United States Army officer (1790–1850)

Benjamin Kendrick Pierce (August 29, 1790 – April 1, 1850) was a career officer in the United States Army. He was a son of New Hampshire Governor Benjamin Pierce and brother of President Franklin Pierce. Benjamin K. Pierce was a veteran of the War of 1812, the Second Seminole War, and the Mexican–American War, and rose to the rank of lieutenant colonel in the Army and colonel in the Florida Militia.

==Early life==
The eldest son of Benjamin Pierce and Anna (Kendrick) Pierce, and a descendant of Thomas Pierce (1618–1683), who was born in Norwich, England and settled in the Massachusetts Bay Colony, Benjamin Kendrick Pierce was born in Hillsborough, New Hampshire, on August 29, 1790, and named for his maternal grandfather. His father was determined that his sons receive college educations, and Benjamin K. Pierce attended Phillips Exeter Academy in preparation for admission to a university. He studied at Dartmouth College from 1807 until 1810, when he was dismissed for carrying out pranks and practical jokes, including damaging a campus building by firing a loaded cannon during an 1810 Independence Day celebration. He then studied law with Hillsborough attorney David Starrett to prepare for a career as a lawyer.

==Military career==

===War of 1812===
Pierce's military career started when he was commissioned as a first lieutenant in the 3rd Artillery on March 12, 1812, shortly before the outbreak of the War of 1812. He commanded a battery called Pierce's Company of Artillery, and took part in several battles, including Fort Oswego, Fort Erie, Chippawa, and Lundy's Lane.
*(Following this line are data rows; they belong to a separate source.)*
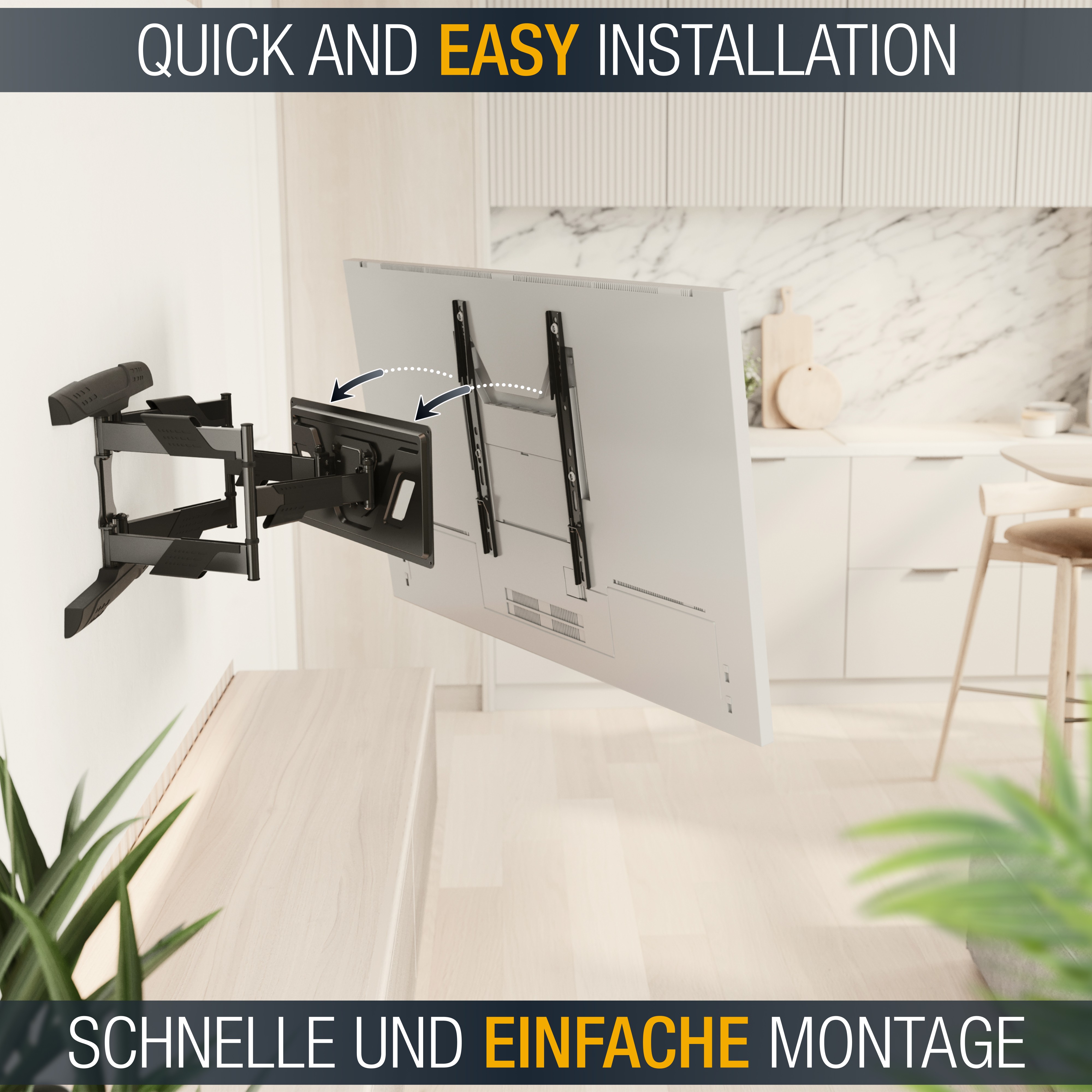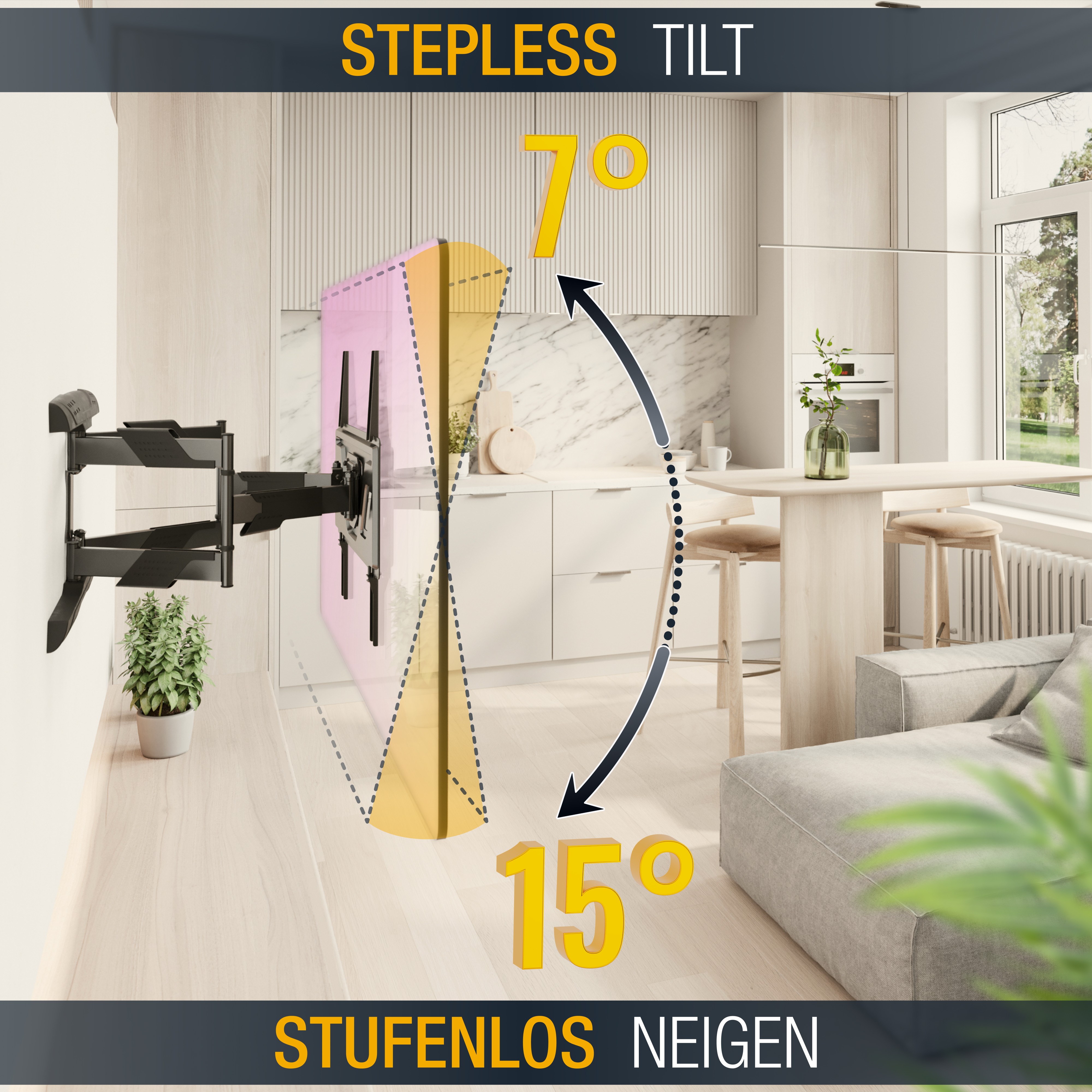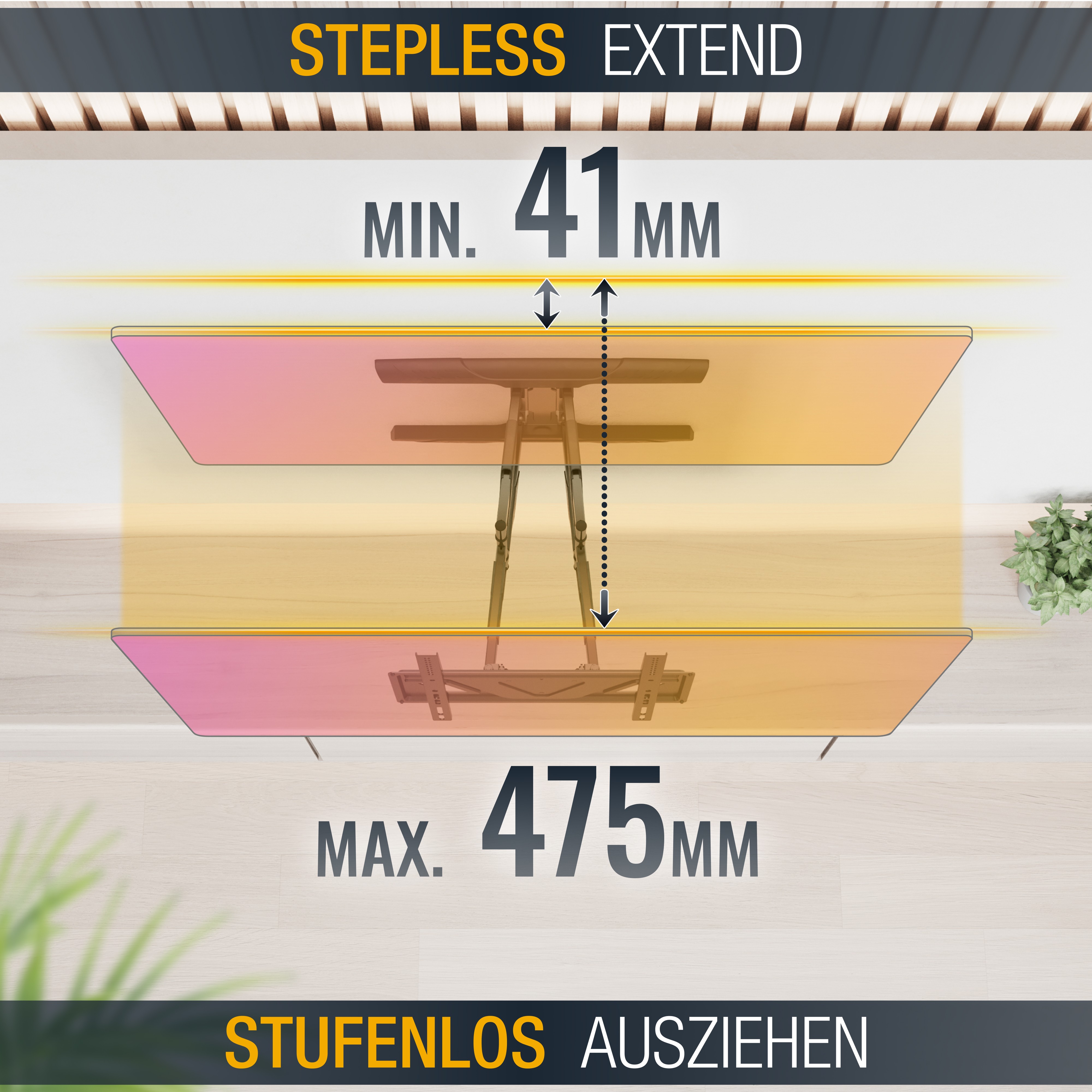 Klappen Sie Ihren TV oder Monitor bis auf 41mm nah an die Wand, winkeln Sie ihn oder ziehen Sie ihn bis auf 475mm in den Raum. Von „Wie ein Bild an der Wand“ bis zu „Nah am Mann“.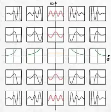 | Second derivative | f is assumed twice differentiable and the second derivative to be of exponential type. Follows by applying the Differentiation property to f′(t). | ||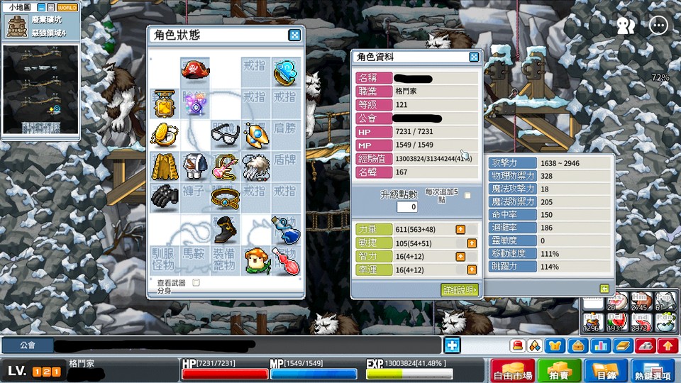 還有70幾個護身符,傳送石90幾顆,能力值重置3顆,雪210,6000多WC,三件套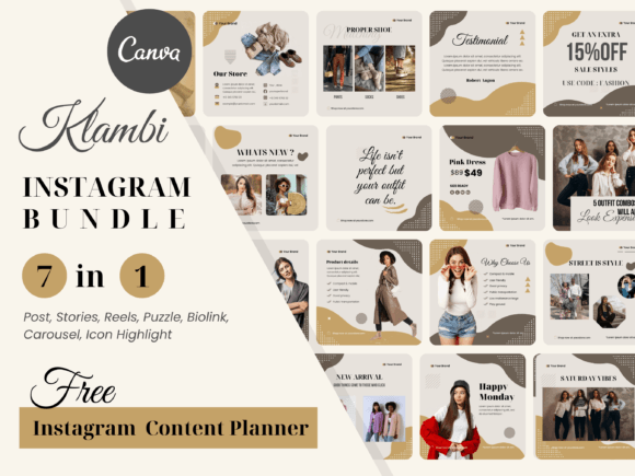 Looking to level up your Instagram game without spending hours designing content from scratch? Meet the Klambi Instagram Bundle — a stunning 7-in-1 Canva template pack crafted especially for fashion creators, influencers, and boutique brands. With templates for Posts, Stories, Reels, Carousels, Biolinks, Puzzles, and Icon Highlights, this stylish set helps you maintain a consistent and professional aesthetic across your entire Instagram profile.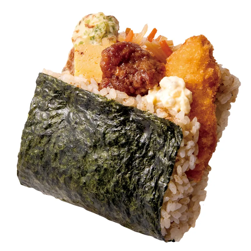 白身フライ、タルタルソース、ちくわ天、唐揚げ、玉子焼き、きんぴら、おかかの7種具材を丁寧に包んだ、まさにのり弁のようなおにぎりです。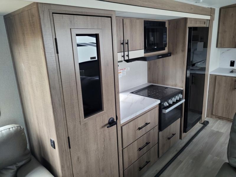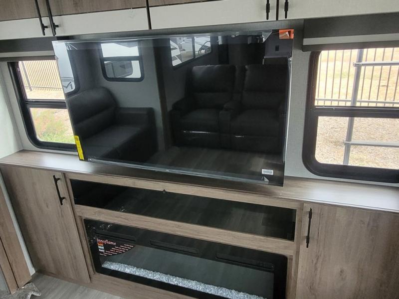The rear living room on this Imagine travel trailer is just what you'll want when you're looking for a little down time. This room has opposing tri-fold sofas within slides, theater seating, a 50" LED HDTV, and a 48" fireplace. Another place that you can sit down at is the free-standing dinette. You can sit here with a fresh cup of coffee in the afternoon as you map out your hike for tomorrow. The kitchen offers you a microwave, a three-burner range with oven, a 10-cubic foot 12V double door refrigerator, and pantry to help you make meals, and there is a private bedroom with a 60" x 80" bed to rest on at the end of the day.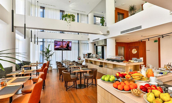 Dvoposteljne sobe: zakonska postelja ali dve ločeni ležišči, klima, kopalnica (prha, WC, sušilec za lase), SAT TV, sef, WiFi, mini bar, francoski balkon s pogledom na mesto.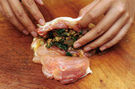 Soak raisins in warm water until plump, or for about 20 mins. To make the stuffing, sauté garlic and onion in oil for about five minutes or until translucent. Add raisins, sunflower seeds, salt, pepper and crushed red pepper; sauté for one minute. Add spinach and cook until wilted. Cool the mixture. Season chicken thighs with salt and pepper. Place a spoonful of stuffing at the edge of each thigh and roll it up. Secure with toothpicks or tie with string. Roll chicken in flour and shake off excess flour. Sauté the chicken rolls in olive oil on high heat until golden on all sides. Deglaze pan with white wine. When the wine has been reduced by half, or after about three minutes, add chicken stock; cover and simmer for 20 minutes. Slice rolls and serve with sauce.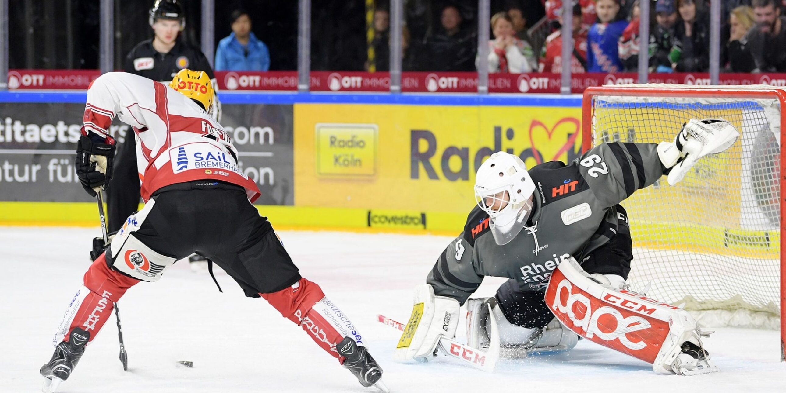 Die Kölner Haie bleiben 2019 ungeschlagen und besiegen Bremerhaven mit 3:2 nach Penaltyschieen. Felix Schütz trifft als 22. Schütze zum Sieg.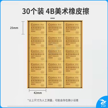 齐心 B2553 4B美术用橡皮擦 大 棕色 单块 30个/盒
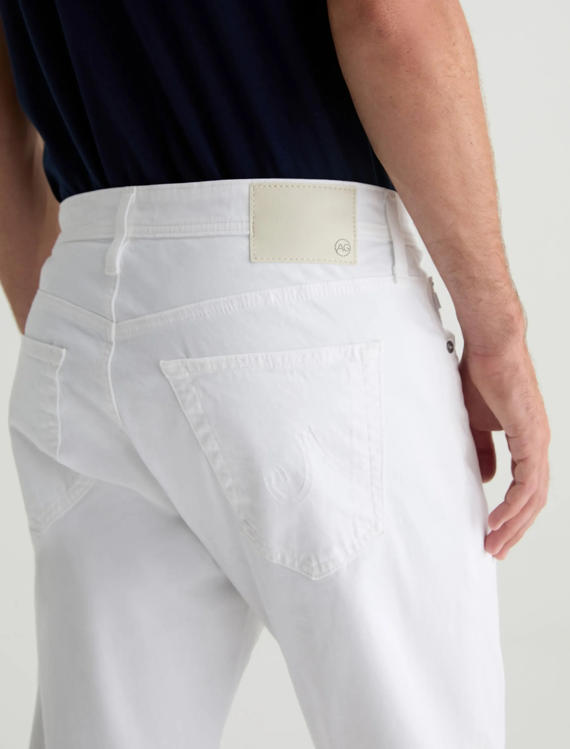 Everett is a slim straight jean for men featuring a white hue—cut in a comfortable mid-rise waist with a straight fit that’s relaxed from hip to the knee before slightly tapering at the leg opening. This men’s slim straight jean is designed in 8.4 oz. Sueded Stretch Sateen, a super stretch fabrication for maximum comfort and understated luxury.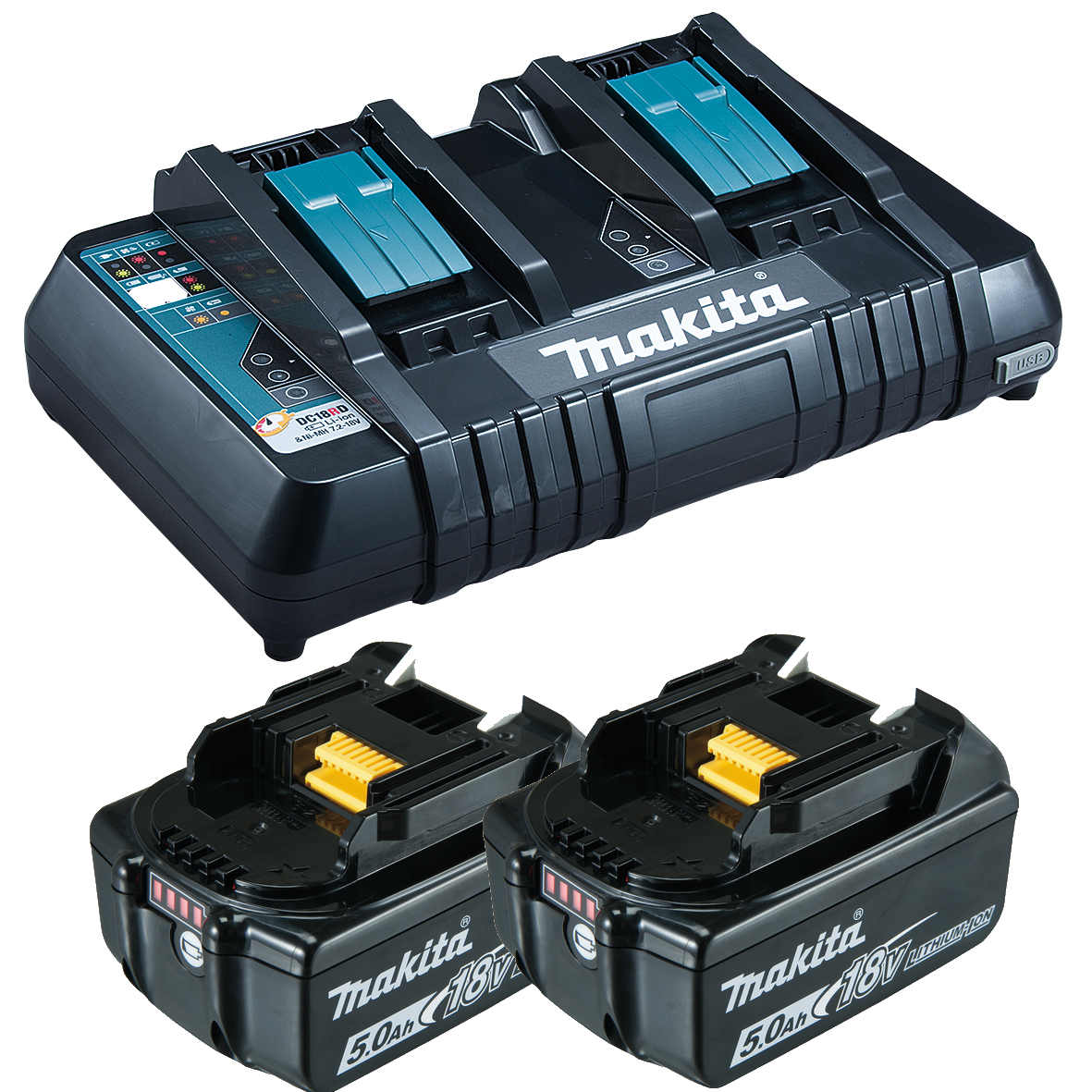 Makita Ladegerät DC18RD - DC 18 RD - mit USB Anschluss - für 2 Akkus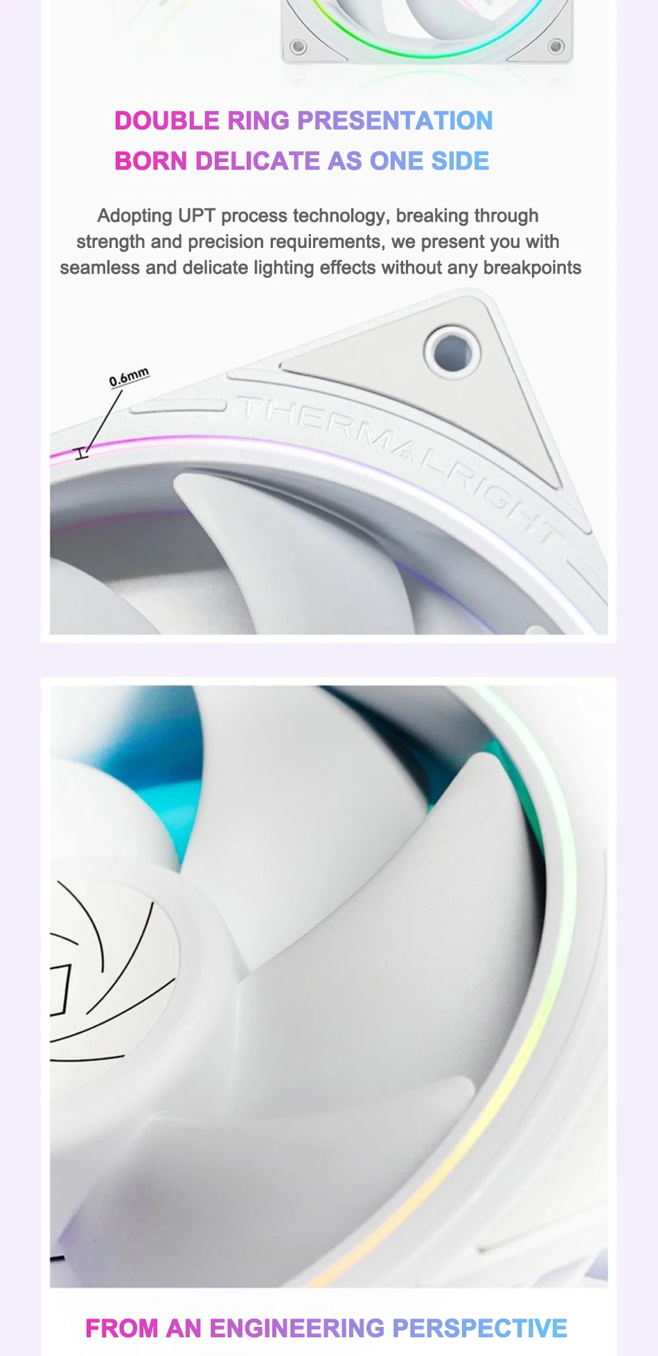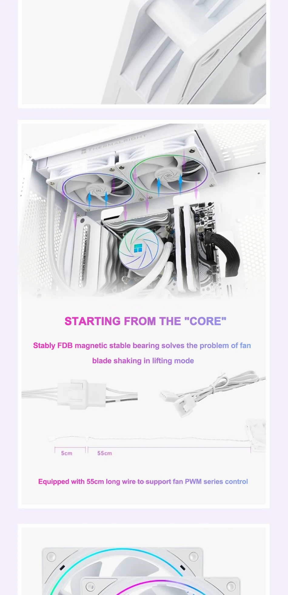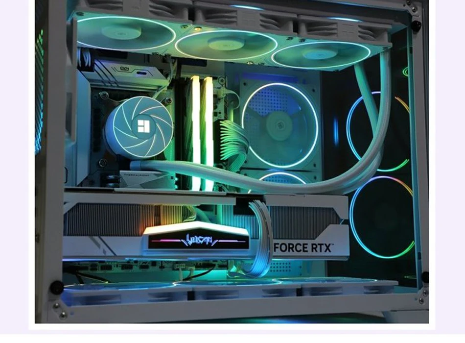 Los ventiladores son más que perfectos, todo es ajustable a través de PWM, silenciosos y (para mí, lo más importante) no tienen un gran anillo de arco iris en un lado, sino un anillo de iluminación delgado de doble cara. Este criterio y la disponibilidad de una versión reversible jugaron un papel clave en la elección para la ventilación del case.

===Continued military service===
Pierce remained in the Army following the War of 1812, serving primarily in the 1st, 3rd and 4th Artillery Regiments. He was promoted to captain in the 1st Artillery on October 1, 1813.

His post-war assignments included command of Company O, 1st United States Infantry (an Artillery unit), with frequent command of Fort Holmes and Fort Mackinac, depending on whether there were officers senior to him at Fort Mackinac (1816–1821). Pierce's brother John Sullivan Pierce and brother-in-law John McNeil Jr. were also in the Army and performing duty at Fort Holmes and Fort Mackinac during Pierce's time in Michigan.

His other assignments included Fort Barrancas (1821–1824), during which he was promoted to brevet major in June 1823 for "faithful service in one grade for ten years", Fort Delaware (1827–1831), and Fort Hamilton (1832–1834, 1834–1835).

===Second Seminole War===
The Second Seminole War started when Seminoles under Osceola's leadership were at war with white settlers in Florida massacred Major Francis L. Dade and his command on December 28, 1835. In the fall of 1836 Pierce was assigned to Fort Defiance and Fort Drane. Pierce was promoted to permanent major in the 1st Artillery on 11 June 1836, and to brevet lieutenant colonel in October 1836 (to rank from 21 August 1836) for "distinguished service in [the] affair at Fort Drane, Florida".

In addition to his Army commission, in October 1836 Pierce was simultaneously appointed a colonel in the Florida Militia and assigned as the militia's quartermaster general and commander of a mounted regiment of Creek Indians who had allied themselves with the Americans against the Seminoles. In response to Dade's Massacre, Pierce's command engaged and routed Osceola and his followers.

At the November 1, 1836, battle in the Wahoo Swamp in the region south of the Withlacoochee River Cove, Pierce was part of a force which again defeated a sizable contingent of Seminoles. His commander mentioned Pierce favorably in his written report, which led to his being recommended a few years later for a brevet promotion to colonel.

While commanding a contingent of the 1st Artillery Regiment on the Indian River in 1838, Pierce directed construction of a blockhouse and other buildings, and the post was named Fort Pierce in his honor.

===Later military service===
When it appeared in 1838 that Thomas Jesup, recently replaced as commander of the effort against the Seminoles in Florida, might also resign as the Army's Quartermaster General, Pierce requested that his brother Franklin, then serving in the United States Senate, use his influence to help obtain the position for Pierce. Jesup opted not to retire, and continued to serve as Quartermaster General until his death in 1860. After his service in the Second Seminole War, Pierce was assigned as commander of Fort Hamilton in Brooklyn, New York, until he was reassigned to Plattsburgh Barracks in upstate New York. In May 1840 Pierce was reassigned to Hancock Barracks near Houlton, Maine, where he was promoted to permanent lieutenant colonel in the 1st Artillery Regiment on March 19, 1842.

From September 1843 until July 1845 he was the commander of Fort Adams in Newport, Rhode Island. In June 1844 he was among several officers Jesup proposed for brevet promotions to recognize their service in the Second Seminole War. Jesup recommended advancement to brevet colonel for Pierce, and President John Tyler made the nominations. However, the United States Senate took no action, and Tyler withdrew them on February 17, 1845, shortly before the end of his presidency.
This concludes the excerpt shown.